The output of the model gives us the proportion of variance explained, for each gene, by clone, line, plate, cdr and residuals.
varPart.df <- as.data.frame(
read.table("data/variance_components/fit_per_gene_highVar.csv", sep = ","))
colnames(varPart.df) <- c("clone", "line", "plate", "cdr", "residuals")
varPart.df$gene_id <- rownames(varPart.df)
varPart.df <- as_data_frame(varPart.df)
head(varPart.df)
# A tibble: 6 x 6
clone line plate cdr residuals gene_id
<dbl> <dbl> <dbl> <dbl> <dbl> <chr>
1 3.54e- 3 0.0179 0.0216 0.0124 0.945 ENSG00000001167_NFYA
2 0. 0.167 0.0215 0.0354 0.776 ENSG00000001626_CFTR
3 0. 0.00580 0.0143 0.000248 0.980 ENSG00000001629_ANKIB1
4 5.35e- 3 0.0194 0.0215 0.0152 0.939 ENSG00000001631_KRIT1
5 9.73e-15 0.369 0.00582 0.0336 0.592 ENSG00000002016_RAD52
6 0. 0.125 0.0827 0.0143 0.778 ENSG00000002330_BAD
We ran the analysis for 4998 highly variable genes (as identified using methods in the scran
package).
We detect 194 genes with more than 5% of variance explained by clone and 1034 genes for which variance explained by clone is both greater than 1% and also greater than the variance explained by plate (a good proxy for technical effects on variability in gene expression between cells).

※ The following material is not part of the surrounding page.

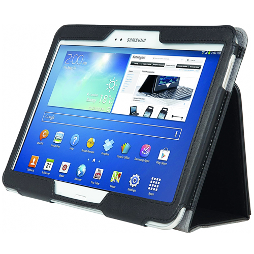 Funda per a SAMSUNG Galaxy TAB3 de 10,1''. - Protecció reforçada a cantonades i vores contra caigudes i cops. - Coberta suau per a la pantalla que evita ratllades i danys. - Compartiments per guardar papers i targetes de visita. - Suport integrat per a visualització de vídeos i per escriure o llegir en angle baix. - Ranura identificativa per a targeta de presentació. - Disseny mans lliures per a més comoditat d’ús. - Mida 25,5 x 18,5 x 2,2 cm. - Tauleta no inclosa.

varPart.mel <- tidyr::gather(varPart.df, key = "variable", value = "value",
-gene_id)
dat_dir <- "data/variance_components/donorVar/"
fig.violin <- varPart.mel %>%
dplyr::mutate(variable = replace(variable, variable == "cdr",
"cell. det. rate")) %>%
dplyr::mutate(variable = factor(variable,
levels = c("residuals", "cell. det. rate",
"plate", "line", "clone"))) %>%
ggplot(aes(x = variable, y = 100 * value)) +
geom_violin(aes(fill = variable), scale = "width") +
geom_boxplot(width = 0.07, fill = "grey", outlier.colour = "black") +
ylab("Variance explained (%)") +
xlab("") +
scale_fill_manual(values = c("gray70", "#f7efe2", "#f9a603", "#f25c00",
"#f70025")) +
coord_flip() +
theme(legend.position = "none") +
theme(plot.title = element_text(hjust = 0.5))

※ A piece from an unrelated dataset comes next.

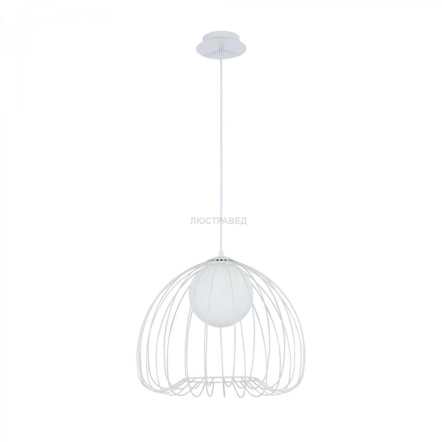 Каркас из металлических прутьев. Декоративный плафон из белого матового стекла.

ggsave("figures/variance_components/varpart_violin_alllines.png",
fig.violin, height = 4, width = 6.5, dpi = 300)
ggsave("figures/variance_components/varpart_violin_alllines.pdf",
fig.violin, height = 4, width = 6.5, dpi = 300)

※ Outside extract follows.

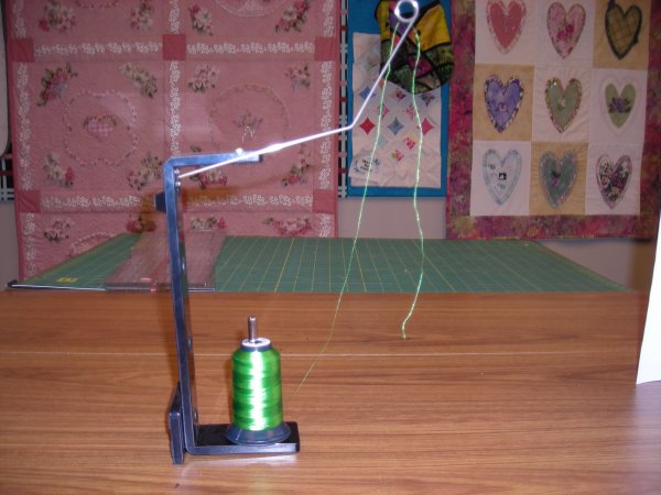 Keep thread ends from spools away from your machine while you are using it. Thread can be picked up and wound inside the hand wheel. Be careful. This will freeze up a machine fast. Ask me how I know!

ggsave("figures/variance_components/varpart_violin_alllines_skinny.png",
fig.violin, height = 4, width = 4.5, dpi = 300)
ggsave("figures/variance_components/varpart_violin_alllines_skinny.pdf",
fig.violin, height = 4, width = 4.5, dpi = 300)
fig.violin
# plotVarPart( varPart_mat )
# idx_order <- order(varPart_mat$clone, decreasing = TRUE)
# plotPercentBars( varPart_mat[idx_order[1:10],] )
varPart.df %>%
ggplot(aes(x = 100 * line, y = 100 * clone)) +
geom_point(alpha = 0.5) +
geom_smooth(colour = "firebrick", alpha = 0.7) +
coord_cartesian(ylim = c(0, 25)) +
xlab("Variance explained by line (%)") +
ylab("Variance explained by clone (%)")
We load a SingleCellExperiment object for each line containing expression data, cell metadata and gene metadata.
params <- list()
params$callset <- "filt_lenient.cell_coverage_sites"
lines <- c("euts", "fawm", "feec", "fikt", "garx", "gesg", "heja", "hipn",
"ieki", "joxm", "kuco", "laey", "lexy", "naju", "nusw", "oaaz",
"oilg", "pipw", "puie", "qayj", "qolg", "qonc", "rozh", "sehl",
"ualf", "vass", "vuna", "wahn", "wetu", "xugn", "zoxy")
## Load SCE objects
sce_unst_list <- list()
for (don in lines) {
sce_unst_list[[don]] <- readRDS(file.path("data/sces/",
paste0("sce_", don, "_with_clone_assignments.", params$callset, ".rds")))
cat(paste("reading", don, ": ", ncol(sce_unst_list[[don]]), "cells\n"))
}
reading euts : 79 cells
reading fawm : 53 cells
reading feec : 75 cells
reading fikt : 39 cells
reading garx : 70 cells
reading gesg : 105 cells
reading heja : 50 cells
reading hipn : 62 cells
reading ieki : 58 cells
reading joxm : 79 cells
reading kuco : 48 cells
reading laey : 55 cells
reading lexy : 63 cells
reading naju : 44 cells
reading nusw : 60 cells
reading oaaz : 38 cells
reading oilg : 90 cells
reading pipw : 107 cells
reading puie : 41 cells
reading qayj : 97 cells
reading qolg : 36 cells
reading qonc : 58 cells
reading rozh : 91 cells
reading sehl : 30 cells
reading ualf : 89 cells
reading vass : 37 cells
reading vuna : 71 cells
reading wahn : 82 cells
reading wetu : 77 cells
reading xugn : 35 cells
reading zoxy : 88 cells
We load variance component analysis results for each line.
varPart_list <- list()
for (i in seq_along(lines)) {
df <- read.csv(paste0("data/variance_components/donorVar/",
lines[i], ".var_part.var1.csv"))
colnames(df) <- c("clone", "plate", "cell. det. rate", "residuals")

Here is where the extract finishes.